The seat bracket is a custom welded box mating up to the sliders - nothing special since our floors can handle one quite easily as long as the rails are high enough to cover the floor pan bracing.

The B13 bracket from Weld Eng fits just fine - I had B13 seats in my B14 before the racing buckets. Dont let anyone tell you they wont fit - all you have to swap is the female seat belt clip.

The front grill is from Erebuni


----------



## Neil (Aug 13, 2002)

That front bumper is real nice! I want it!

I checked erebuni before but they only had one that had the fenderflares adn they said with just using the front bumper it would have a gap where the fender things would be.

nice car


----------



## Katana200sx (May 13, 2002)

well man, whoever at erebuni that told u that has no idea what they are talking about. there is only one gtr b14 bumper that they sell. the fender flares are seperate and have nothing to do w/the bumper. i've got the gtr bumper and it fits fine. biggest problem i had was them getting one in. it seems as soon as they get a shipment, they sell out.

sunny,

that is a sweet car. someday i hope to have a killer set up like that. but atleast u have a sunny now


----------



## Neil (Aug 13, 2002)

do u know if its urethane or fiberglass?
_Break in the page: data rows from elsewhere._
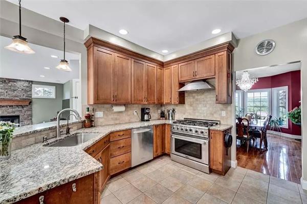 Open concept eat in kitchen with granite counters stainless steel appliances and dishwasher.
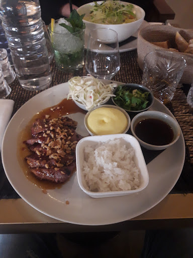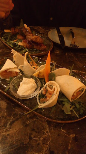 Read moreNous sommes allez la bas pour aller au restaurant pensant tomber sur une carte "traditionnelle" avec entrée, plats et desserts, en plus de leurs coktails mais quenini, nous sommes tombé sur une carte plutôt original mais qui n'as ni queue ni tête lol ont était un peu perdu car on se demandais si c'était des entrées ou des plats ou les tapas du bar 😅 ont a dû même demandé à la serveuse...bref du coup on est parti sur le fait que les plats étaient a partagé, nous avons pris du poulet yassa et du saumon fumé. Alors autant c'était bon, autant pour accompagner le saumon il n'y avait que 3 malheureux blinis et après du pain a côté moyennement frais. Pour le poulet pas d'accompagnement du tout, le plat c'est : 2 petits morceaux de poulet, des olives, des oignons et des feuilles de bricks posé dessus. Mon conjoint s'est ranger sur le pain pour saucer son plat. Du coup on a pu partager le saumon mais le poulet fallait que je coupe le morceau et me serve dans son assiette comme a la maison, le concept du partage en mode tapas n'y est pas. Clairement c'était bon mais quant au prix exorbitant pour la quantité, je trouve que c'est très limite. Environ 20€ le plat. Nous n'avons pas goûté aux cocktails donc pas d'avis dessus. Par contre on a beaucoup aimé le cadre et la déco, c'est sympa de trouver un lieu comme ça dans une zone commerciale finalement. Par contre la musique était bien trop forte , pour manger c'est limite aussi pour s'entendre. On reviendra sûrement boire un cocktail et profitez de la terrasse (oui on ne nous a pas du tout proposer de manger en terrasse, dommage !) qui a mon avis est bien mieux pour ça ! On ne reviendra pas manger par rapport au...
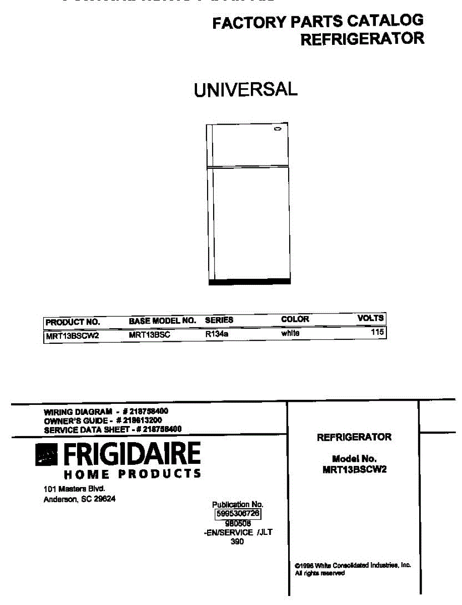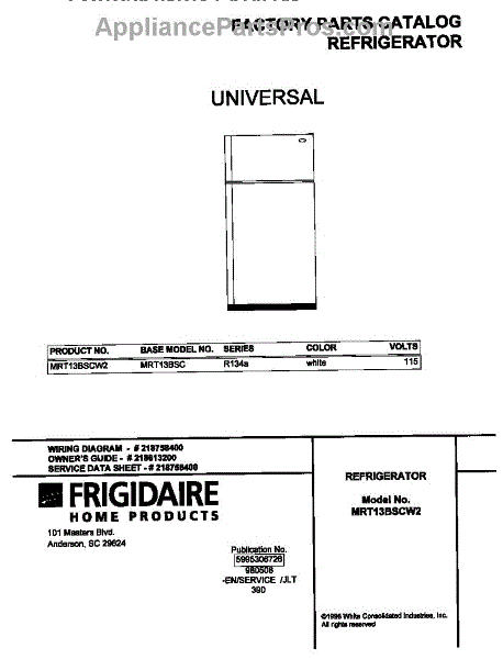 Parts for Frigidaire MRT13BSCW2: 01 - Cover Parts
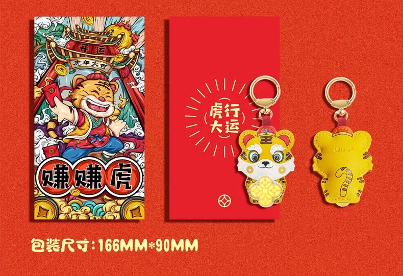 红红火火的内衬上,黄色的小老虎好吸睛
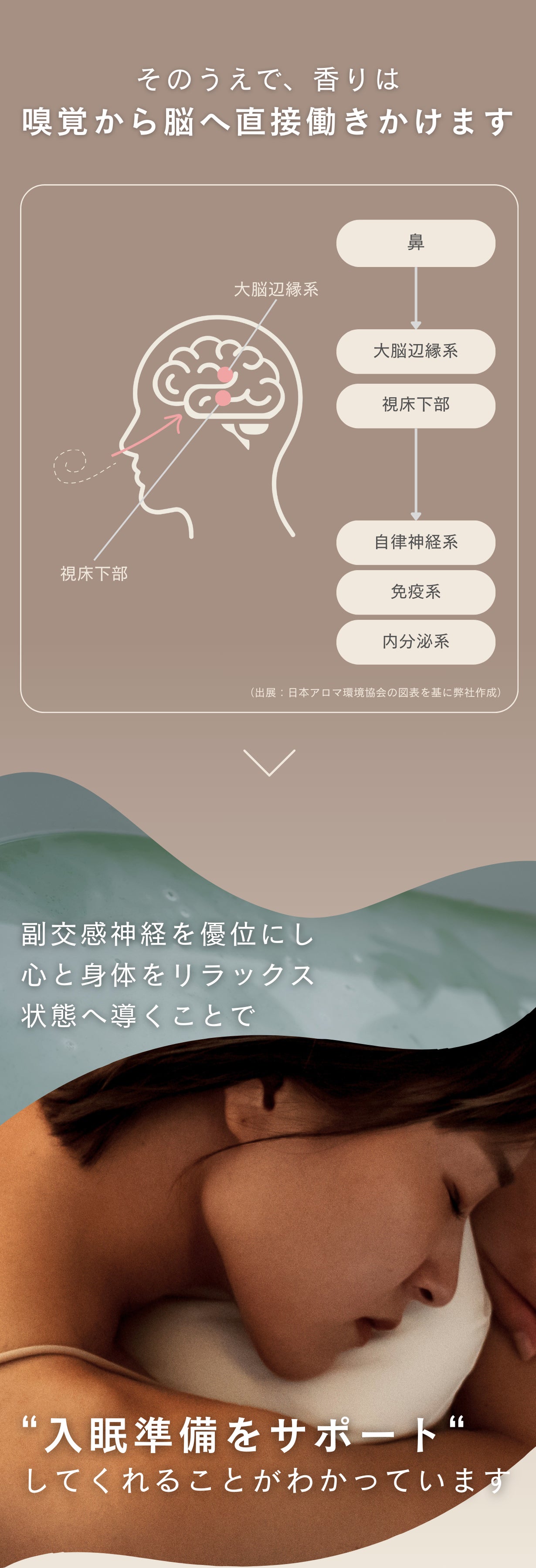 重すぎず、軽すぎず、すっと香りが入り込み、眠りの入り口に身体をゆるめるような体験を提供します。

Yeah its strange thats what they told me. They said if you dont get all four pieces there will be gaps and it won't fit correctly.


----------



## Katana200sx (May 13, 2002)

its urethane. if you get it, make sure your bodyshop guy uses paint with flex additives...mine didnt and it is cracking the paint everywhere.


----------



## JT200SX-N-FX (May 30, 2002)

Katana200sx said:


> *its urethane. if you get it, make sure your bodyshop guy uses paint with flex additives...mine didnt and it is cracking the paint everywhere. *


He's absolutely right, I've seen too many urethane bumpers lookin like spider web's, cause they flex when they hit the ground. Flex additive will prevent that effect.


----------



## SuperblkStalion (Aug 26, 2002)

nice pics, you and I share(or should i say shared for your part) the subaru hoodscoop thing. should have kept it bro

jorge


----------



## Guest (Oct 21, 2002)

looks good. i pondered a hood scoop from a subaru. i'll see when the time comes. i like the gtr bumper too...i need a new front and rear bumper as it is.


----------



## Neil (Aug 13, 2002)

my bumper looks like its been through a bug war and nothing gets them off, i think they are actually embedded in the bumper.


----------



## Katana200sx (May 13, 2002)

neil,

it's probably just bc your clearcoat has worn off. it was like that on my stock bumper before i got my gtr one. i even went so far as to use a scouring pad and bug&tar remover and it didnt work(my car is white btw). but once i got the new bumper with the new paint and clearcoat they just washed right off.


----------



## Seva (Jul 10, 2002)

what a car!!!
what kind of rims are those?


----------



## Neil (Aug 13, 2002)

ahhh that must be it, my car is 1995 too. Clear is even wearing off a bit near drivers side window. Yeah bug and tar usually gets most of crap off but bumper on mine was waste of time. Guess thats what happens with age. 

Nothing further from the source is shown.